No sabía por dónde empezar, aunque presagiaba que él conocía de memoria el guion de mi relato, pero se hacía el interesante ocultándolo, o ponía en duda y a prueba mi intelecto sin saber sus intenciones a la vez que, casi sin notarlo, descendía a menos velocidad. Ese retardo en la celeridad del recorrido me hizo amorrar de la nube narcisista en la que me había introducido; avergonzado, seguí narrando:
—Anoche no me encontraba cómodo en mi puesto, no podía dormir y, sin saber por qué, me dio por caminar hasta el final de las colas; empecé a andar y andar sin pensar que me perdería de nuevo, como llegó a pasarme en la arboleda y antesala del infierno. —Después de mencionar estas palabras, con un leve palmoteo de sus alitas me frenó en el aire. Levitando y otra vez alucinado, como tiempo atrás me ocurrió con él, proseguí con el relato—: Me adentré en un sendero que volvía a recordarme aquel lugar, me asusté y, al querer alejarme de allí precipitadamente, tropecé; aunque las mariposas intentaron ayudarme, no lo lograron; lo que sucedió después, ya lo estás viendo.

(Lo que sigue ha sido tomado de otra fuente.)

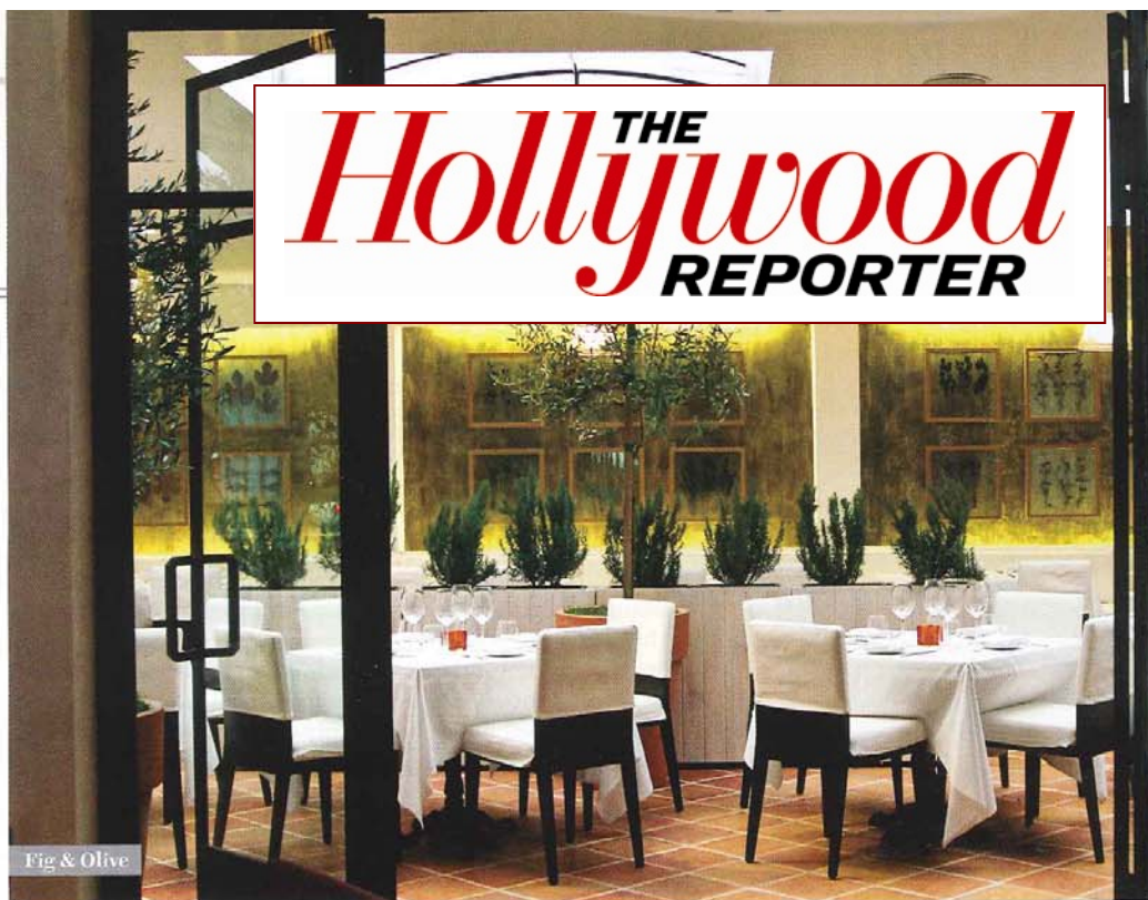
Fig & Olive

—¡Ya!, ¿y nada más? —dijo con riguroso semblante.
—Nada más, es todo…, lo que pasaba por mi mente no me gustaba y quería tomar aire fresco.
—¡Y lo que tomaste fue un baño de barro! —Se carcajeaba burlándose de mi aspecto, quizá como pago a mi impudicia—. Con lo que, unido a la pigmentación de las alas de las mariposas, pareces una especie nueva. Pero dejemos tu pinta para más tarde, pues siento decirte que vas encaminado al desastre menos recomendado.
Aquella amenaza me hizo meditar, temblar de miedo e incluso menospreciar su ayuda con una inyección de soberbia que enturbió mis pensamientos, pero cambiando de canal, con el mando de la conexión que nos mantenía unidos, aunque en duda constante, le contesté sin tapujos, aunque con discreta y sutil cortesía:
—Así, en el aire y a esta altura, no me cabe la menor duda.
—No me refería a eso.
—Entonces, ¿a qué?
—¡Mira, insensato! Las mariposas, a ti, misterio que desconozco —repuso cansino; volvía a ocultar algo— no te dejarán que te estrelles en la charca.
—¡Ah!, entonces, ¿el fondo es agua? —Sonreía aliviado por la noticia—. Y, si es así, ¿qué problema hay?, creo que no se me habrá olvidado nadar o, ¿igual por el impacto vuelvo a morir?
—¡No!, eso no ocurrirá, simplemente, cabe la posibilidad de que estropees todo lo que habías conseguido hasta ahora por culpa de este viaje.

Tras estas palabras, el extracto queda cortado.